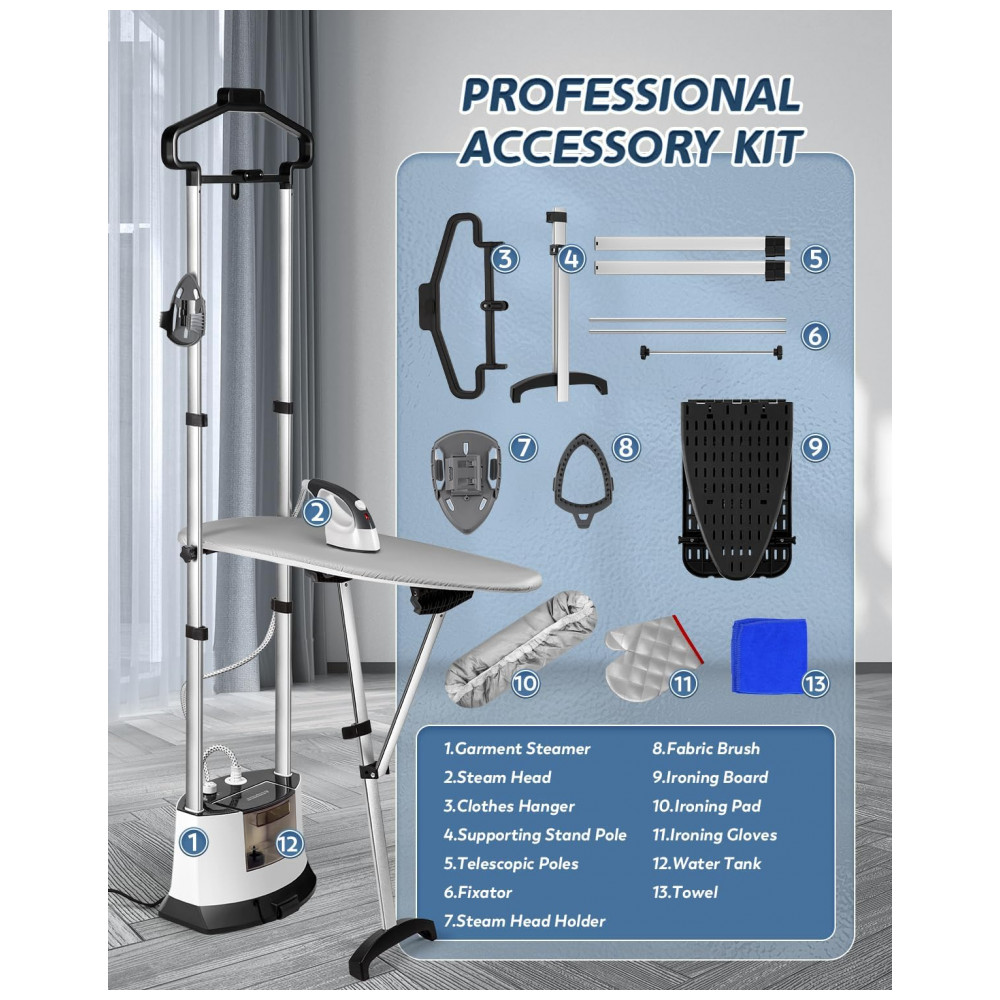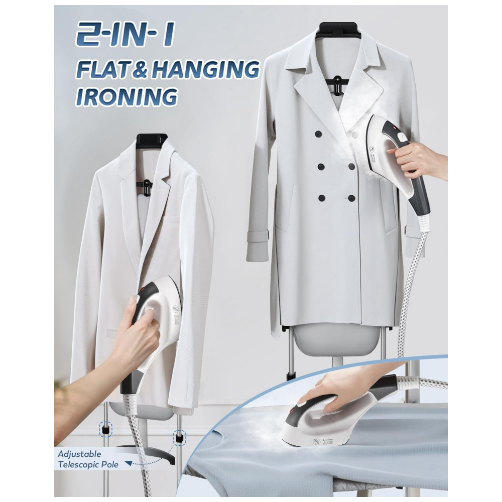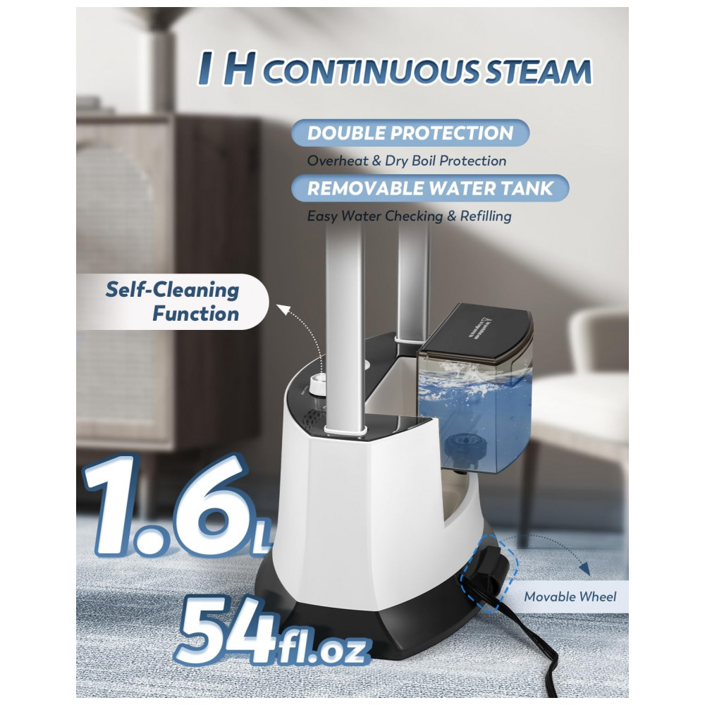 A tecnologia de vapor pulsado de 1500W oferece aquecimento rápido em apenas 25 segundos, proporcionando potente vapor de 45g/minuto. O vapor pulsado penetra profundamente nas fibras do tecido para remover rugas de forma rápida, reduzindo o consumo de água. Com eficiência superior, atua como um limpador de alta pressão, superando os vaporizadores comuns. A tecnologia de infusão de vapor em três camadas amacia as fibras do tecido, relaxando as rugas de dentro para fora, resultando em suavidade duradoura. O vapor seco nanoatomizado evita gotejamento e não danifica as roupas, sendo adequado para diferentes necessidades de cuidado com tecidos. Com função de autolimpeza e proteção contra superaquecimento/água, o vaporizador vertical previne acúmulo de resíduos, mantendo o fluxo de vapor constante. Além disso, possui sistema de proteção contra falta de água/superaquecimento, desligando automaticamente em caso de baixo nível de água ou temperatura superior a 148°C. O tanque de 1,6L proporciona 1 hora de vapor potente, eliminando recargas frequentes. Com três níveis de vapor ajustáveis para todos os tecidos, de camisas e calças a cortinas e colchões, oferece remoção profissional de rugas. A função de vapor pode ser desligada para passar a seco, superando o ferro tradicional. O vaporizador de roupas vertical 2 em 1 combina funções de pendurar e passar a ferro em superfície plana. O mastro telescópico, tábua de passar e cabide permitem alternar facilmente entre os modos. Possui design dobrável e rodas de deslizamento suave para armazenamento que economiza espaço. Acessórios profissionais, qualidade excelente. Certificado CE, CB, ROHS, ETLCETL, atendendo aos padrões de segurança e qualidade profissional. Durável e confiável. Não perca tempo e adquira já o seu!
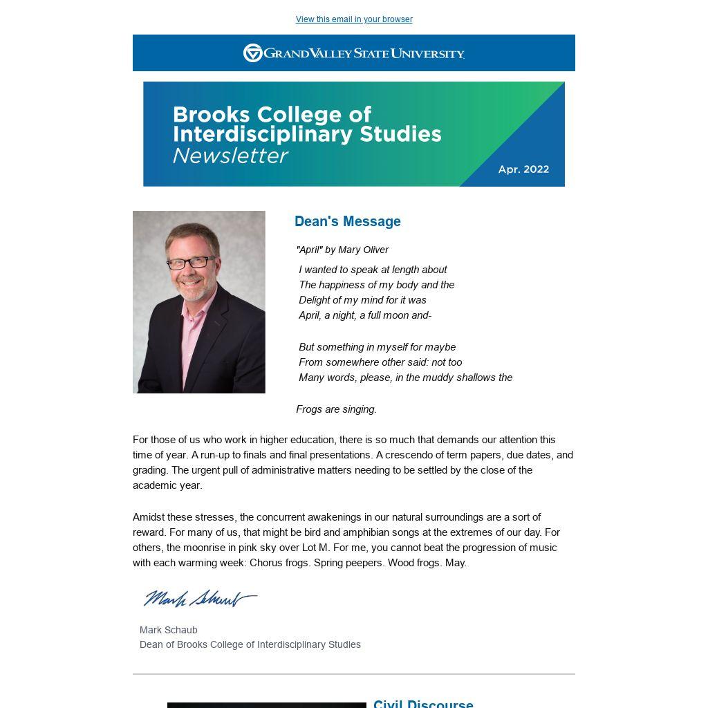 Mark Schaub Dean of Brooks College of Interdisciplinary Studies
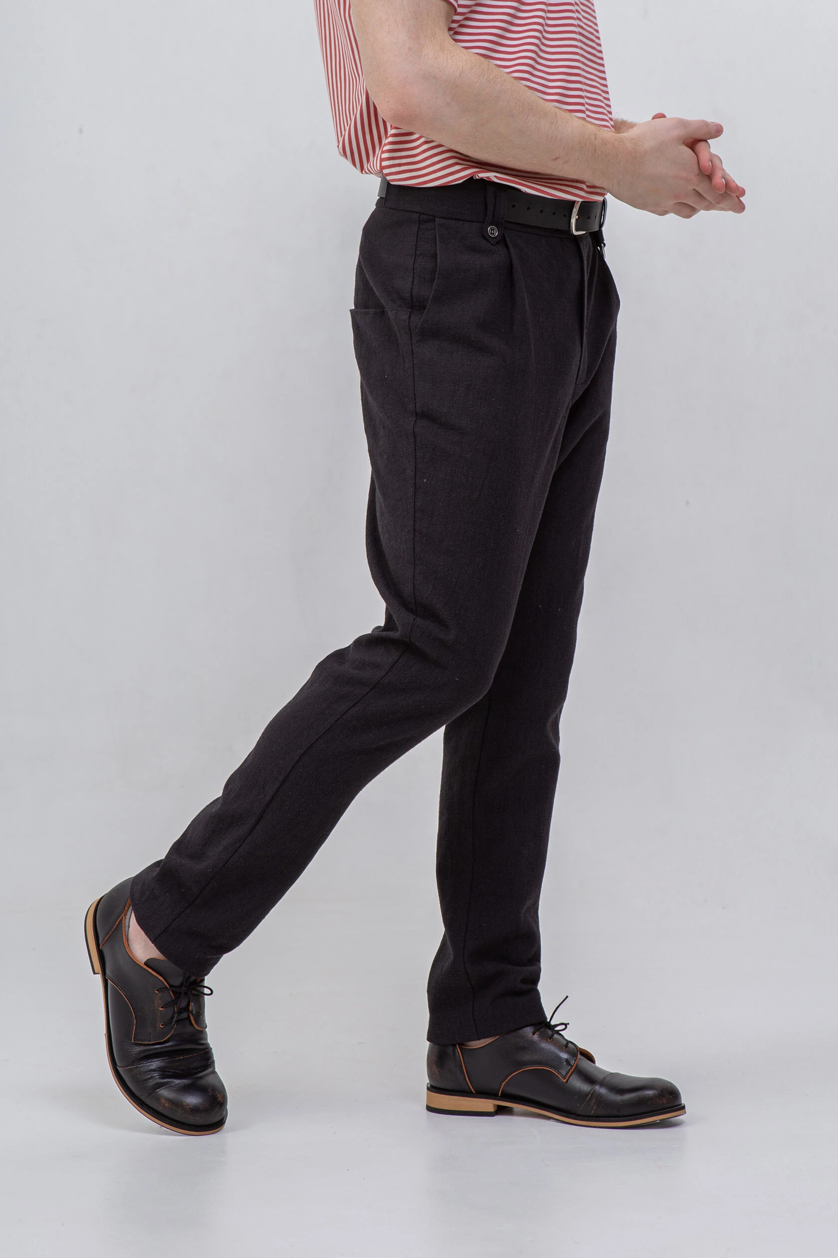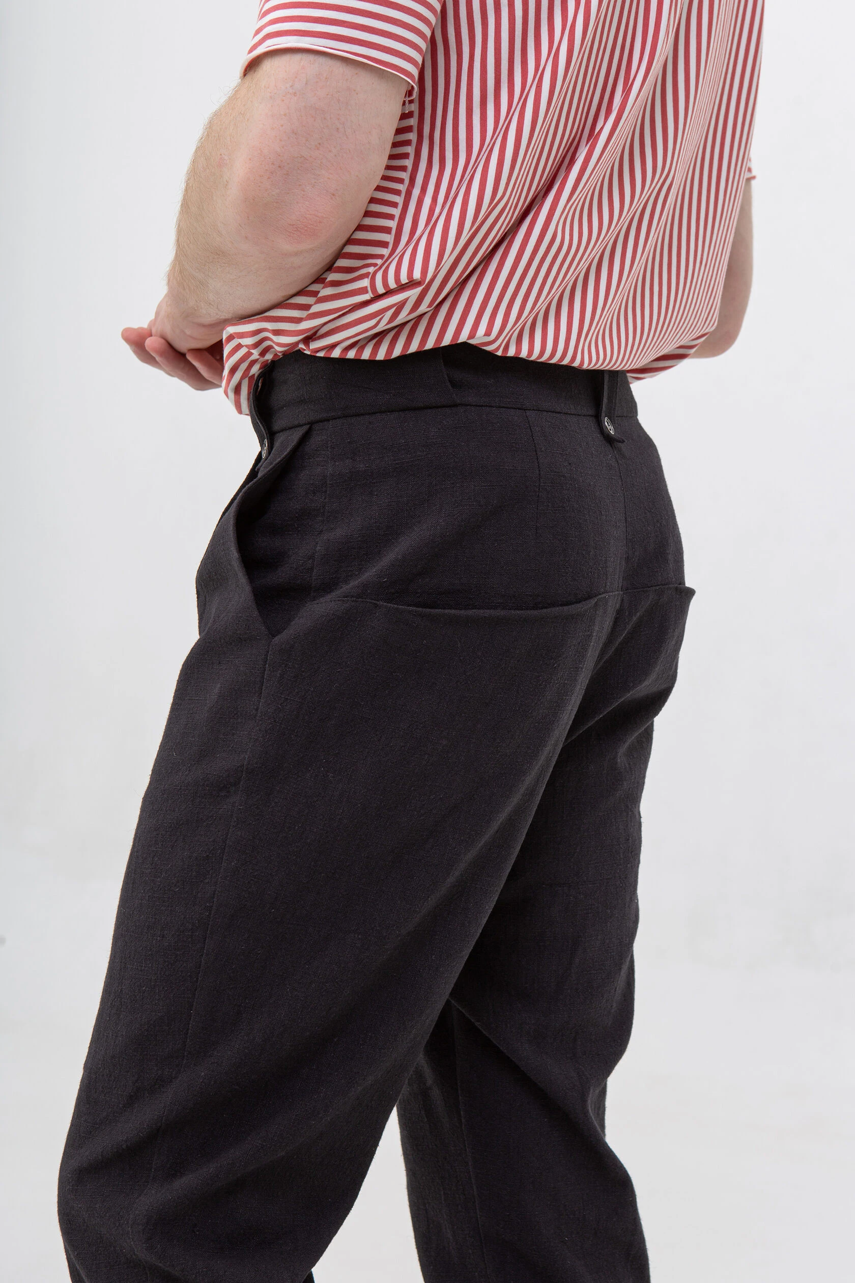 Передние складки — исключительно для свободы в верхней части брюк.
•••••
Exercise brief:
Take the line containing "Mark Schaub Dean" and every line after it up to the end of the data, and write them out exactly, without the pictures.

Task output:
 Mark Schaub Dean of Brooks College of Interdisciplinary Studies
 Передние складки — исключительно для свободы в верхней части брюк.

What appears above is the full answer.